I’m developing a data pipeline that contains two DAGs, one for each filetype. Theses DAGs are triggered via API call. There is a cloud function that controles a batch_id (stored in an cloud SQL). Each batch can contains the two files (filetype_1 and filetype_2). There is a main DAG where the API call is made to. This main DAG trigger the DAG 1 or DAG 2 (or both) based on the filetype information that is passed via Conf in the API call. In the case that the batch contains both filetypes, one API call is made for each filetype (one dag_run per filetype). At some point, I will need to check if the DAG for filetype_2 was triggered before continuing the DAG for filetype_2. But considering that are two different dag_run_ids, I was wondering if is it a good practice to modify the dag_run_id pattern, and then create a SQL sensor for airflow metadatabase to check if a dag_run_id was created for DAG filetype_2 and wait for succes in case if it exists.
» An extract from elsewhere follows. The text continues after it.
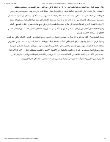ﺔﯾﺗارﺎﻣﻹا قاوﺳﻷا نأ رﻛذُﯾ .ﺔﯾﻠﺑﻘﺗﺳﻣﻟا تﺎﯾﻧﻘﺗﻟاو رﺿﺧﻷا دﺎﺻﺗﻗﻻا ﻲﻓ رﺎﻣﺛﺗﺳﻼﻟ نﯾﯾﻣﯾﻠﻗإ نﯾزﻛرﻣﻛ صرﺑﻗو تارﺎﻣﻹا ﻊﻗوﻣ س ّ رﻛﯾو

For illustrate this scenario, image that the batch_id would be
- batch_id: tenant1_20221120123323
- The default dag_run_id:
manual__2022-11-19T00:00:00+00:00
- The new dag_run_id:
manual__tenant1_20221120123323_filetype2__2022-11-19T00:00:00+00:00
,manual__tenant1_20221120123323_filetype1__2022-11-19T00:00:00+00:00
Then I could check in airflow metadatabase if a dag_run_id containing batch_id (tenant1_20221120123323) and filetype_2 was created to identify if filetype_2 was present in batch. In true case, then DAG_1 waits for dag_run_id for filetype_2 succeed.